>>24382346If you have zero confidence, and don't hold a pen/pencil often, you type all day and haven't written anything in a decade, etc., unironically start by tracing to learn to move your hands. Obviously this is a HORRIBLE habit in the long run. Only do this if you are worse than a 10-year old, and only until you feel you understand how to move your hands again, but print something out, put some wax paper over it, and following the lines like you are a kid.
After a while, begin trying to imitate some line art by looking at it and sketching. Emphasis on "sketching". You aren't trying to make a perfect line in one go. You make multiple, lighter strokes that collectively build the shape you want. You will suck at this. It will be discouraging. But sucking is the first step to being kinda-okay. None of this is "real" art education, and more of a hack to give you the confidence that you can do this at all. Someone else did the thinking for you, and you're copying it to learn to move your hands.
A huge warning:
Doing it this way will cause your style to lean in the direction of the artist you've been copying. Take that into consideration. Don't use sakuramochi as a reference if you aren't looking to learn to draw bug-eyed chibis.

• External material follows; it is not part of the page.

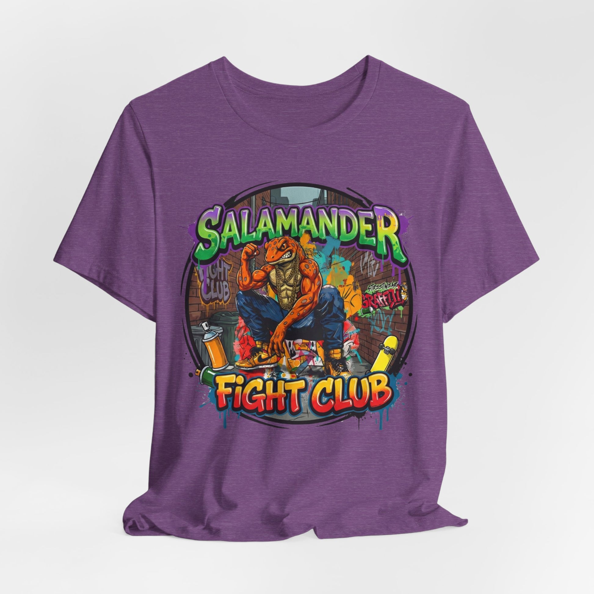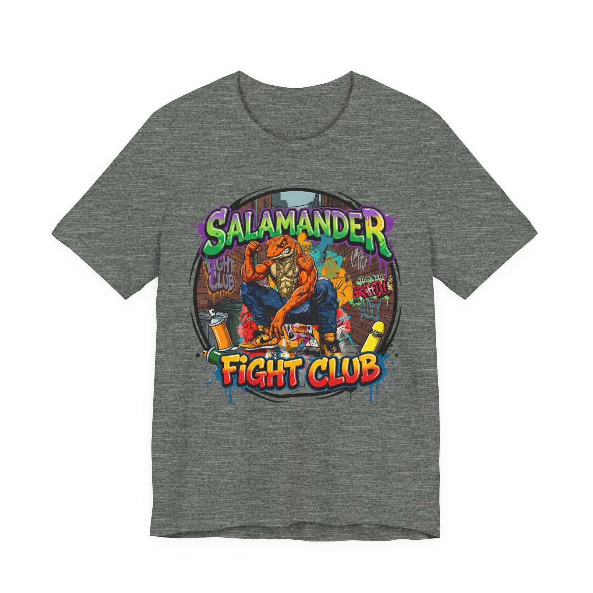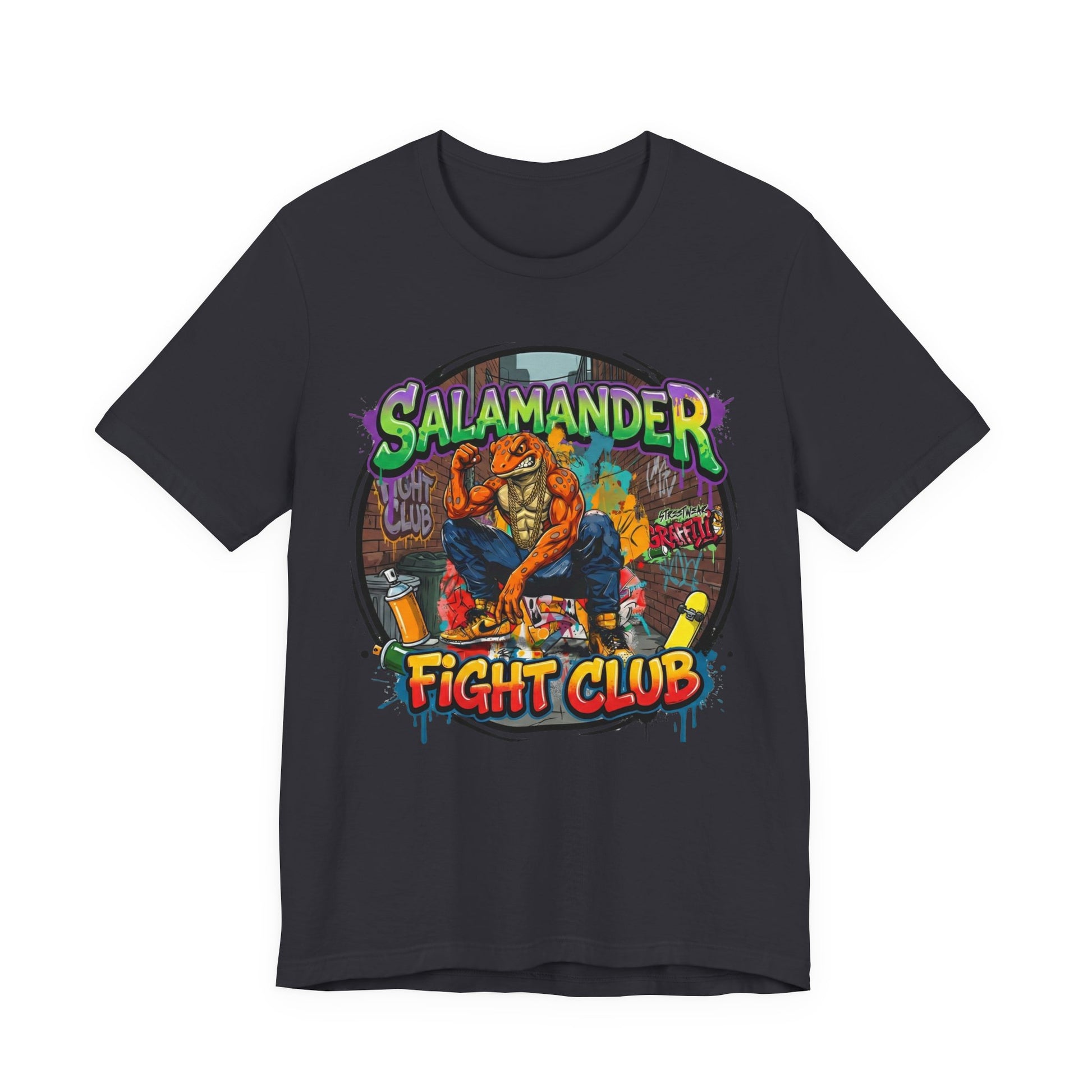 Keywords: streetwear t-shirt, graphic tee, Y2K fashion, oversized tee, heavyweight cotton shirt, graffiti art clothing, skate culture apparel, urban streetwear, 2025 streetwear trends, boxy fit tee, unisex graphic shirt, salamander fight club, underground fashion, statement tee, bold graphic design

After you have the confidence that you can perform the motions, you should start actually learning to draw. Read guides on composition, figures, color... a whole world. Explore and develop your own style, and do your reps. It's really about doing your reps. Many artists have made visual guides breaking down their thoughts on all of these. Searching Twitter you might find them, but their search sucks. If you can't find anything there, then for all of its dreck, DeviantArt has a surprisingly decent repository of these kinds of guides.
Also do your reps. The best "strategy" for learning is useless without doing your reps.